Moloney died in 1958, and the company floundered briefly. With the financial failure of its parent company, Bally was bought out by a group of investors in 1963. Throughout the 1960s, Bally continued to dominate the slot machine industry, cornering over 90% of the worldwide market by the end of the decade. In 1964, Bally introduced the first electromechanical slot machine, "Money Honey." They became a publicly traded company, and in 1969 acquired Midway Manufacturing, an amusement game company from Schiller Park, Illinois.

1970s
The company expanded internationally in 1974 when it acquired German company Guenter Wulff-Apparatebau, which was renamed Bally Wulff.

In the late 1970s, Bally entered the casino ownership business when New Jersey legalized gambling in Atlantic City. The effort moved forward even though the company was temporarily unable to attain a permanent license for the completed casino.

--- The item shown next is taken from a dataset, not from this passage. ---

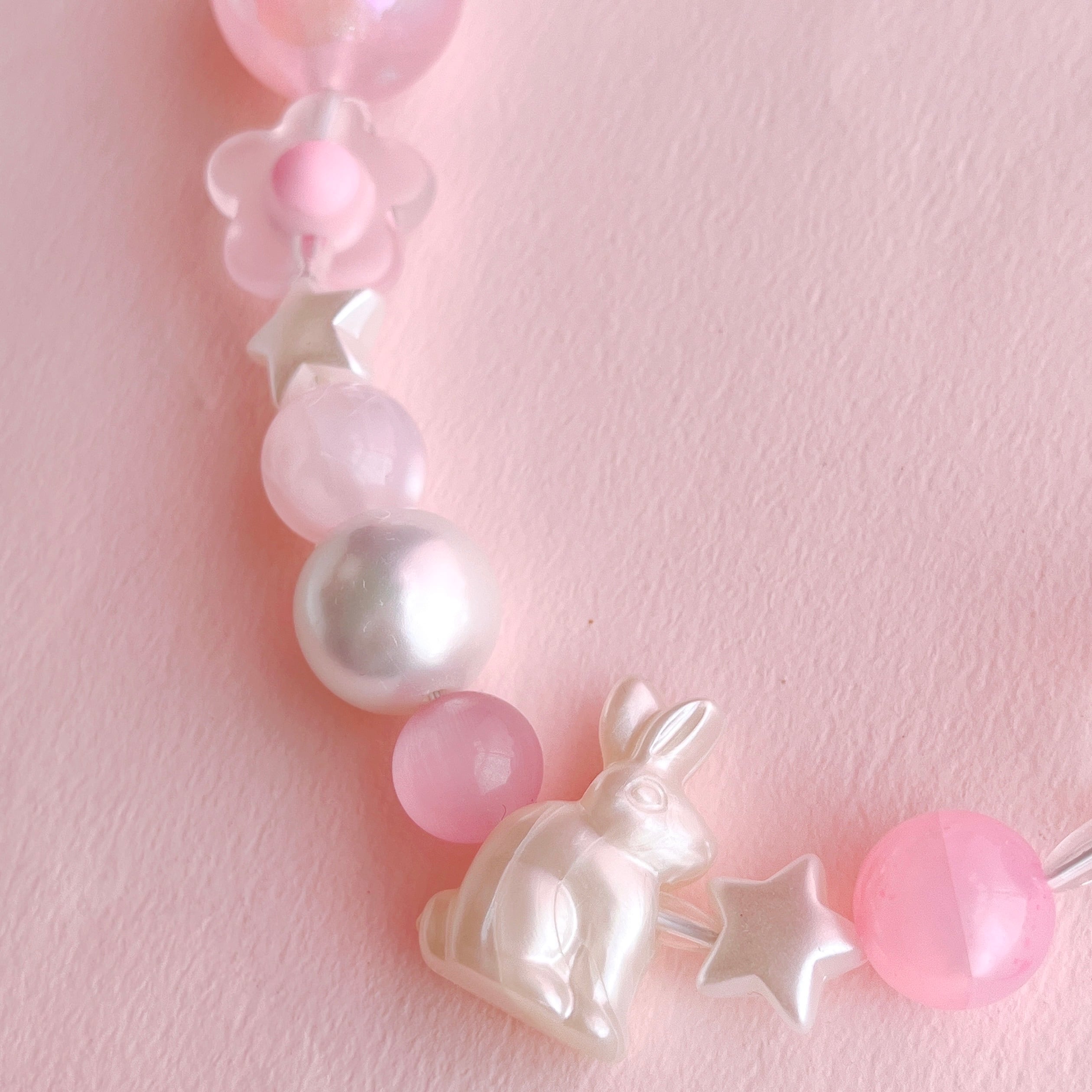 やさしい光沢のホワイトうさぎチャームが、可憐なアクセントになっています。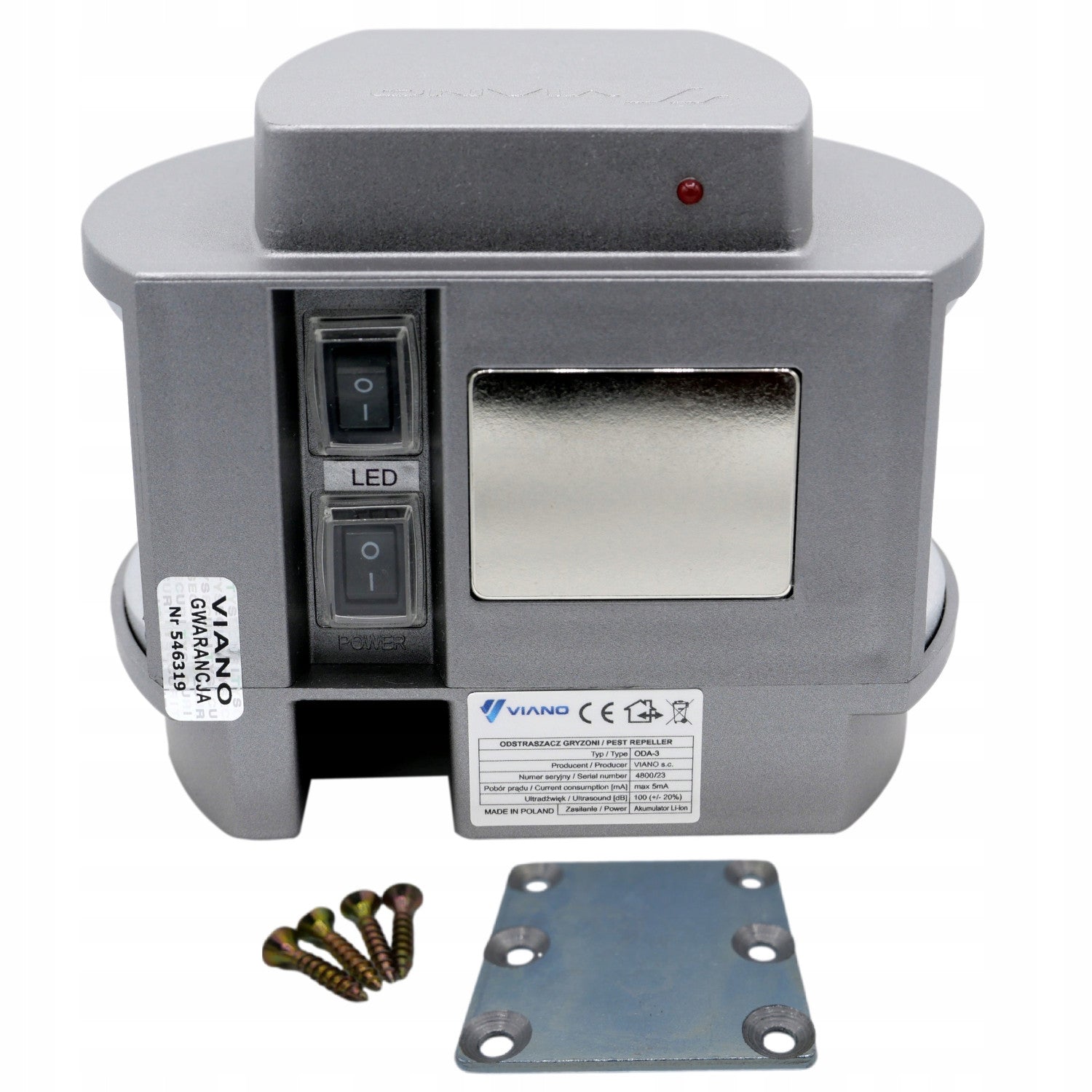 - Version sans fil avec batterie interne rechargeable et chargeur - fonctionnement de plus de 200 jours sur une seule charge en mode d'émission sonore et ultrasonique, jusqu'à 100 jours avec le mode LED activé en plus.

During this period, company head William T. O'Donnell was forced to resign because of alleged links to organized crime, which he strenuously denied. When questioned by the Moffitt Royal Commission in New South Wales, Australia, during an investigation of criminal activities between the US and Australia, O'Donnell admitted that Genovese Mafia boss Gerardo Catena once owned shares in Bally but claimed to have bought him out. He also denied knowing Chicago mobster Joseph Dan Testa, even though Australian police described Testa "as a representative of Bally who visited Australia." The company opened the Park Place Casino & Hotel on December 29, 1979. 

During the late 1970s and early 1980s, Midway, which was renamed Bally/Midway after Bally's legacy pinball business was consolidated with it, became a primary source of income for Bally as it became an early arcade video game maker and obtained licenses for three of the most popular video games of all time: Space Invaders, Pac-Man, and Ms. Pac-Man.

Also in the late 1970s, Bally/Midway also made an entry into the growing market for home video games with the Bally Professional Arcade. It had advanced features for the time, including a palette of 256 colors and the ability to play 4-voice music. It shipped with a cartridge that allowed users to do a limited amount of programming on the machine themselves, using the BASIC language and record their programs on cassette tape. However, because it cost more than its main competitor, the Atari 2600 and had far fewer games it failed to compete successfully despite a loyal following.

1980s
By the mid-1980s, Bally again had a strong balance sheet and began buying other businesses, including the Six Flags amusement park chain, and the Health and Tennis Corporation of America, which became Bally Total Fitness, both bought in 1983, and a lottery terminal company, Scientific Games, in 1986. That same year, Bally's also purchased several casinos, including the original MGM Grand Hotel and Casino on the Las Vegas Strip (subsequently rebranded Bally's Las Vegas and now the Horseshoe Las Vegas); the MGM Grand in Reno (now Grand Sierra Resort); and the Golden Nugget Atlantic City, rebranded Bally's Grand (most recently the Atlantic Club Casino Hotel). The expansion quickly took its toll on the company's finances, and Bally was soon forced to sell off several divisions, including Six Flags and Bally/Midway, which was acquired by longtime pinball and video game rival Williams Electronics in 1988.

1990s
In 1990, Bally came under new management as its largest shareholder, Arthur Goldberg, was appointed chairman and began a restructuring process. Needing to pay down debts, Bally Wulff, the German subsidiary, was spun off into an independent company in 1991. Scientific Games, exercise equipment maker Life Fitness, and the Reno casino were sold in 1993. The slot machine manufacturing division was spun off as Bally Gaming International as well, ending the company's involvement in manufacturing. The Aladdin's Castle chain of video arcades was sold that year to Namco and renamed Namco Cybertainment.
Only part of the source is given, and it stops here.